If you are using CUDA, you can run the following command to confirm that CUDA is set up correctly, and check the version number.

In [1]:
!nvcc --version

nvcc: NVIDIA (R) Cuda compiler driver
Copyright (c) 2005-2022 NVIDIA Corporation
Built on Wed_Sep_21_10:33:58_PDT_2022
Cuda compilation tools, release 11.8, V11.8.89
Build cuda_11.8.r11.8/compiler.31833905_0


**Google Colab:** If you are running this in a Google Colab notebook, you will also need to download some Vulkan drivers.

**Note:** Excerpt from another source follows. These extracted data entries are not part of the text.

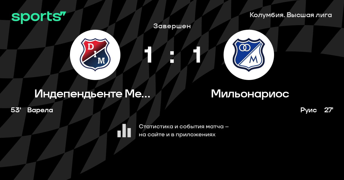Индепендьенте Медельин – Мильонариос: Мильонариос не проигрывает в 5 из 7 последних матчей против этого соперника
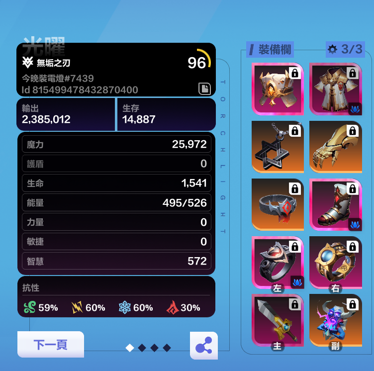 之前发帖不知道要写清楚季前赛什么的,网友提醒后还有人教了怎么分享流派码 目前1525层流派码 hDzsz9r4Ee68+wAAAAAAmA== 目前这身是随手打的,没有追求太多,打桩100亿足够刷图和小迷城,生存2.8亿1500+不会死,但是如果不足1亿的话可能会被秒,格挡宠物很强,我抽了一下格挡宠物很省装备空间,打王的时候换头盔,脱腰带,我计算着尽量保证首领等级4以内就能到1525不崩,否则14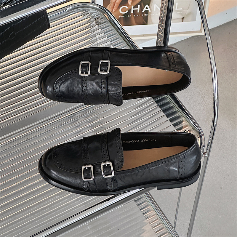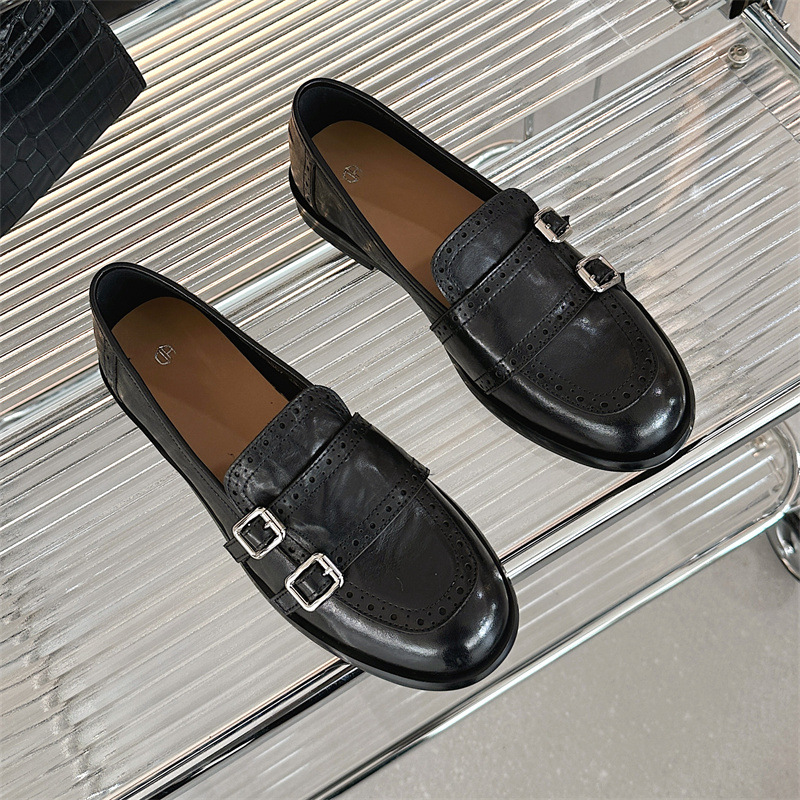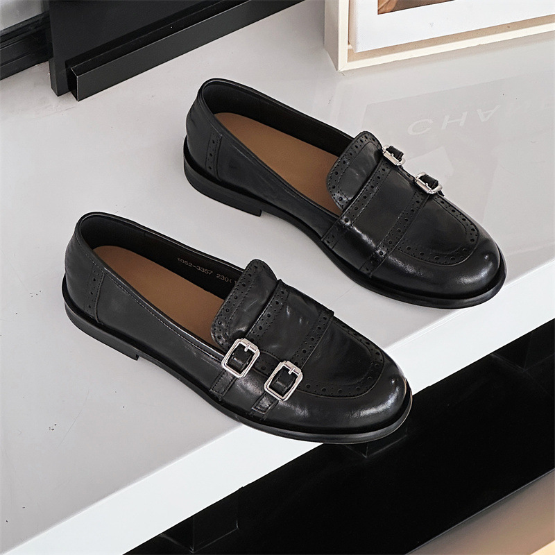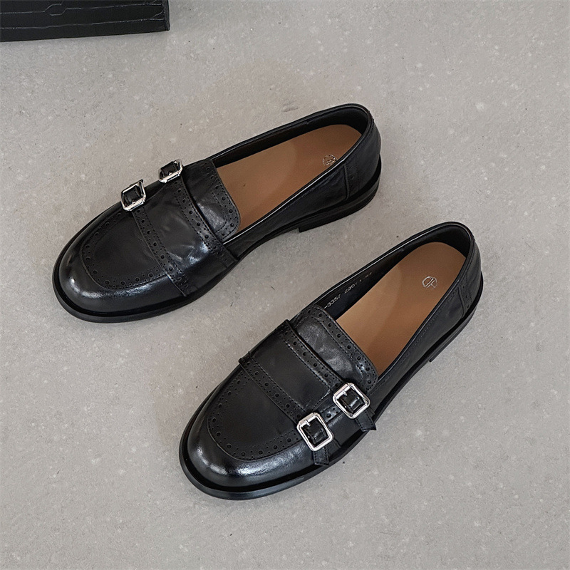 나비 O 더블 가죽 버클 패션 신발 여성의 2025 봄 새로운 Cowhide 플랫 숙녀 캐주얼 작은 가죽 신발 여성 신발스토어 가기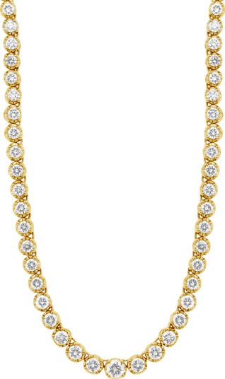 Rival the stars with this handcrafted 18-karat-gold necklace prong set with faceted diamonds.

You may not need to download the drivers if you are running this locally and already have Vulkan support (or are not using Vulkan).

In [2]:
!sudo apt install -y vulkan-tools libnvidia-gl-525

Reading package lists... Done
Building dependency tree... Done
Reading state information... Done
The following additional packages will be installed:
  libnvidia-common-525 libvulkan1 mesa-vulkan-drivers
The following NEW packages will be installed:
  libnvidia-common-525 libnvidia-gl-525 libvulkan1 mesa-vulkan-drivers
  vulkan-tools
0 upgraded, 5 newly installed, 0 to remove and 16 not upgraded.
Need to get 196 MB of archives.
After this operation, 497 MB of additional disk space will be used.
Get:1 http://archive.ubuntu.com/ubuntu jammy/main amd64 libvulkan1 amd64 1.3.204.1-2 [128 kB]
Get:2 https://developer.download.nvidia.com/compute/cuda/repos/ubuntu2204/x86_64  libnvidia-common-525 525.125.06-0ubuntu1 [10.5 kB]
Get:3 https://developer.download.nvidia.com/compute/cuda/repos/ubuntu2204/x86_64  libnvidia-gl-525 525.125.06-0ubuntu1 [186 MB]
Get:4 http://archive.ubuntu.com/ubuntu jammy-updates/main amd64 mesa-vulkan-drivers amd64 23.0.4-0ubuntu1~22.04.1 [9,521 kB]
Get:5 http://archive

**Google Colab:** You can run the following command to confirm that the Vulkan drivers have installed successfully.

In [3]:
!vulkaninfo

'DISPLAY' environment variable not set... skipping surface info
error: XDG_RUNTIME_DIR not set in the environment.
error: XDG_RUNTIME_DIR not set in the environment.
error: XDG_RUNTIME_DIR not set in the environment.
error: XDG_RUNTIME_DIR not set in the environment.
error: XDG_RUNTIME_DIR not set in the environment.
VULKANINFO

Vulkan Instance Version: 1.3.204


Instance Extensions: count = 20
	VK_EXT_acquire_drm_display             : extension revision 1
	VK_EXT_acquire_xlib_display            : extension revision 1
	VK_EXT_debug_report                    : extension revision 10
	VK_EXT_debug_utils                     : extension revision 2
	VK_EXT_direct_mode_display             : extension revision 1
	VK_EXT_display_surface_counter         : extension revision 1
	VK_EXT_swapchain_colorspace            : extension revision 4
	VK_KHR_device_group_creation           : extension revision 1
	VK_KHR_display                         : extension revision 23
	VK_KHR_external_fence_capabiliti

Next, let's download the MLC-AI and MLC-Chat nightly build packages. Go to https://mlc.ai/package/ and replace the command below with the one that is appropriate for your hardware and OS.

In [4]:
!pip install --pre --force-reinstall mlc-ai-nightly-cu116 mlc-chat-nightly-cu116 -f https://mlc.ai/wheels

Looking in links: https://mlc.ai/wheels
Collecting mlc-ai-nightly-cu116
  Downloading https://github.com/mlc-ai/package/releases/download/v0.9.dev0/mlc_ai_nightly_cu116-0.12.dev1385-cp310-cp310-manylinux_2_28_x86_64.whl (97.8 MB)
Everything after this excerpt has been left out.